Put the potatoes on the grill first — they take about twice as long as the peppers. Toss all the vegetables well in oil before they go on; dry vegetables stick and scorch at the edges before they cook through. The salmon is done when it feels firm but not hard when you press the thickest part; it will continue cooking off the heat, so pull it a minute early if unsure.

  • Prep Time: 15 minutes
  • Cook Time: 20 minutes
  • Category: Main Course
  • Method: Grilling
  • Cuisine: American

Nutrition

  • Serving Size: 1 fillet
  • Calories: 450
  • Sugar: 5
  • Sodium: 400
  • Fat: 25
  • Saturated Fat: 5
  • Unsaturated Fat: 15
  • Carbohydrates: 20
  • Fiber: 4
  • Protein: 35
  • Cholesterol: 100

 

Frequently Asked Questions

How do I keep the salmon from sticking to the grill?

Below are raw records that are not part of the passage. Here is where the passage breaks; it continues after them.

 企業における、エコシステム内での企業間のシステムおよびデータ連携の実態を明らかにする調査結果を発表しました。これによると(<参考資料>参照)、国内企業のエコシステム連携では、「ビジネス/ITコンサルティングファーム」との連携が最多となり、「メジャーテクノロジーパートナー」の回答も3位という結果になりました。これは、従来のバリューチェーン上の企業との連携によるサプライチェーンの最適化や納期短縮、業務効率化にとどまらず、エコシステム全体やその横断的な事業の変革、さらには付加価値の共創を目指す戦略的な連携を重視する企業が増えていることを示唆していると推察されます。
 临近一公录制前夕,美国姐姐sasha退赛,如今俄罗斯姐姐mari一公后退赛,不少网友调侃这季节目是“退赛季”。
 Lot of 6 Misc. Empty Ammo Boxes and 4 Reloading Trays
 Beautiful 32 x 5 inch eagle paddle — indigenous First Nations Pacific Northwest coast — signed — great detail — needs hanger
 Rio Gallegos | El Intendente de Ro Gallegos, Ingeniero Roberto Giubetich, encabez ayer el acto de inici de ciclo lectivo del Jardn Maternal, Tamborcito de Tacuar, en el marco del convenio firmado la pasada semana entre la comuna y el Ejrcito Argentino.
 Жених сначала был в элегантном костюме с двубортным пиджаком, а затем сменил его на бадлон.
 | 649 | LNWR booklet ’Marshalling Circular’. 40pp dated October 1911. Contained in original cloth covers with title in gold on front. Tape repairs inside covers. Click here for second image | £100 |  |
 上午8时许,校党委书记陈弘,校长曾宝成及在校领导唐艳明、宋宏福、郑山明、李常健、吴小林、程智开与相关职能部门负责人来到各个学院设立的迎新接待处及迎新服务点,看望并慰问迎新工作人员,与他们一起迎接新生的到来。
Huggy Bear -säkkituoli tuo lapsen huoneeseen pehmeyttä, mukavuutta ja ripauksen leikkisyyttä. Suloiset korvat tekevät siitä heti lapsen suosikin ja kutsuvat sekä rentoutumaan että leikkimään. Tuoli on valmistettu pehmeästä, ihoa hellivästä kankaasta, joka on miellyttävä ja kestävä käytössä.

Make sure the grill grates are clean and very hot before placing the salmon skin-side down. Oiling the grates lightly with a paper towel dipped in vegetable oil also helps. Don’t move the fish until it releases on its own.

How long should I grill the salmon?

For center-cut fillets about 1 inch thick, grill skin-side down for 4 to 5 minutes, then flip and cook another 3 to 4 minutes. The fish is done when it flakes easily but still looks moist inside.

What is creole seasoning?

It’s a spice blend typically made with paprika, garlic powder, onion powder, cayenne, oregano, thyme, salt, and black pepper. Store-bought blends work well, or you can mix your own to control the heat level.